#### Recorded information ####

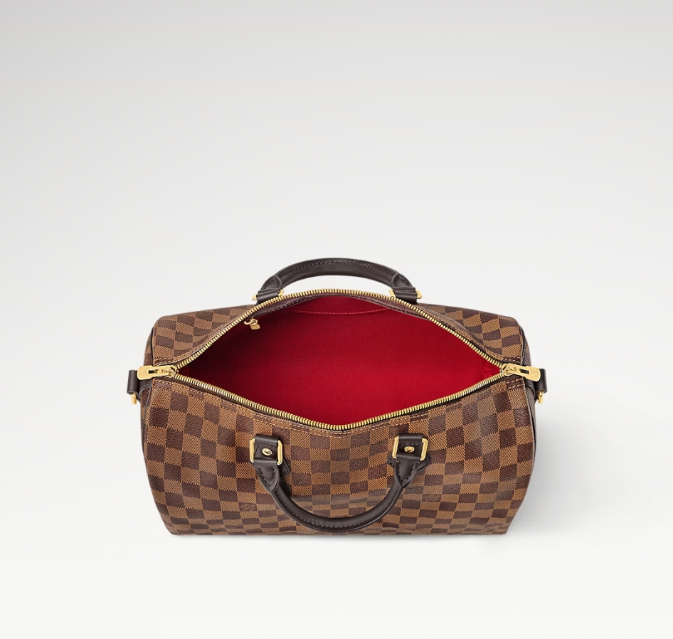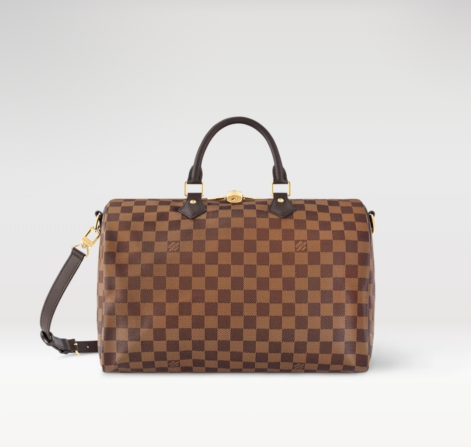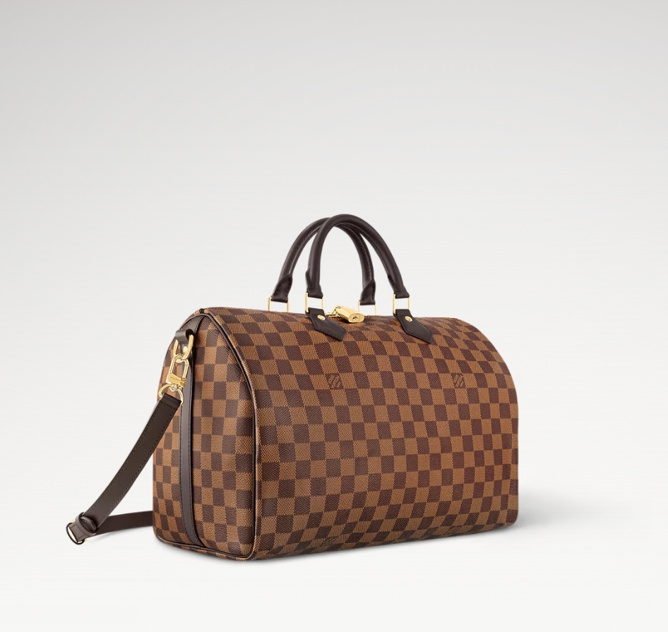ダミエ・エベヌ キャンバスで仕上げた「スピーディ・バンドリエール 35」。タイムレスで常に時代を先取りするアイテムは、忙しい日々の必需品を収納できるサイズも魅力です。「スピーディ」の前身であるバッグ「エクスプレス」は、1930年代の旅人のために作られたもの。その名は高速化が著しかった当時の移動手段にヒントを得ています。一目でそれと分かる独特のシルエットやロール仕上げのレザーハンドル、刻印入りのパドロック(錠前)、そして取外し可能なストラップなど、すべてのディテールが「スピーディ」を特別な存在にしています。
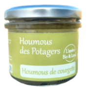 Houmous de courgettesPot 100g Ingrédients : courgettes* (68,05%), pois chiche* (20,42%), purée de sésame* (4,08%), jus de citron*(3,4%), huile d’olive* (2,04%), ail*(1,36%), sel (0.24%), cumin*(0,20%), poivre*(0,20%). * Ingrédient issu de l’Agriculture Biologique |
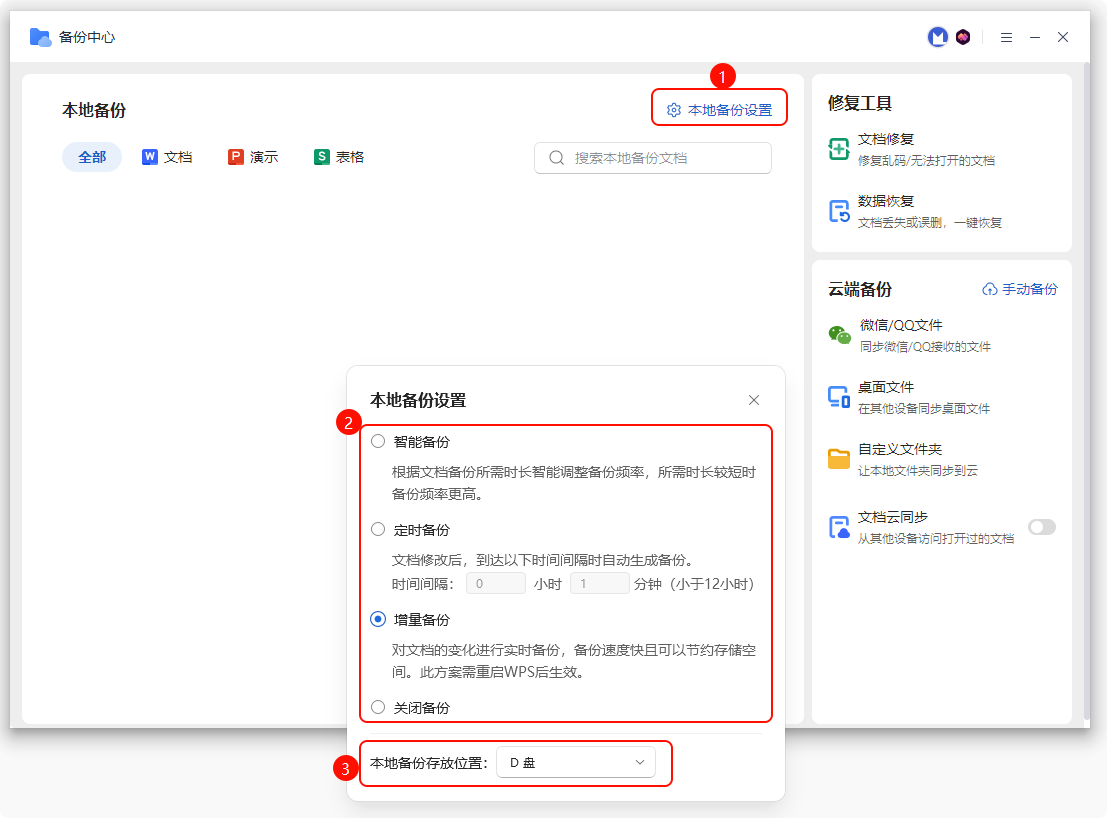 设置本地备份存放的磁盘:下拉选择需要存放的磁盘 → 关闭并重新打开一下WPS,以适用新的备份存放配置。

####

◆ **What you have to do**
Top to bottom, retype the listing exactly but drop every picture.

◆ **Output of the task**
ダミエ・エベヌ キャンバスで仕上げた「スピーディ・バンドリエール 35」。タイムレスで常に時代を先取りするアイテムは、忙しい日々の必需品を収納できるサイズも魅力です。「スピーディ」の前身であるバッグ「エクスプレス」は、1930年代の旅人のために作られたもの。その名は高速化が著しかった当時の移動手段にヒントを得ています。一目でそれと分かる独特のシルエットやロール仕上げのレザーハンドル、刻印入りのパドロック(錠前)、そして取外し可能なストラップなど、すべてのディテールが「スピーディ」を特別な存在にしています。
 Houmous de courgettesPot 100g Ingrédients : courgettes* (68,05%), pois chiche* (20,42%), purée de sésame* (4,08%), jus de citron*(3,4%), huile d’olive* (2,04%), ail*(1,36%), sel (0.24%), cumin*(0,20%), poivre*(0,20%). * Ingrédient issu de l’Agriculture Biologique |
 设置本地备份存放的磁盘:下拉选择需要存放的磁盘 → 关闭并重新打开一下WPS,以适用新的备份存放配置。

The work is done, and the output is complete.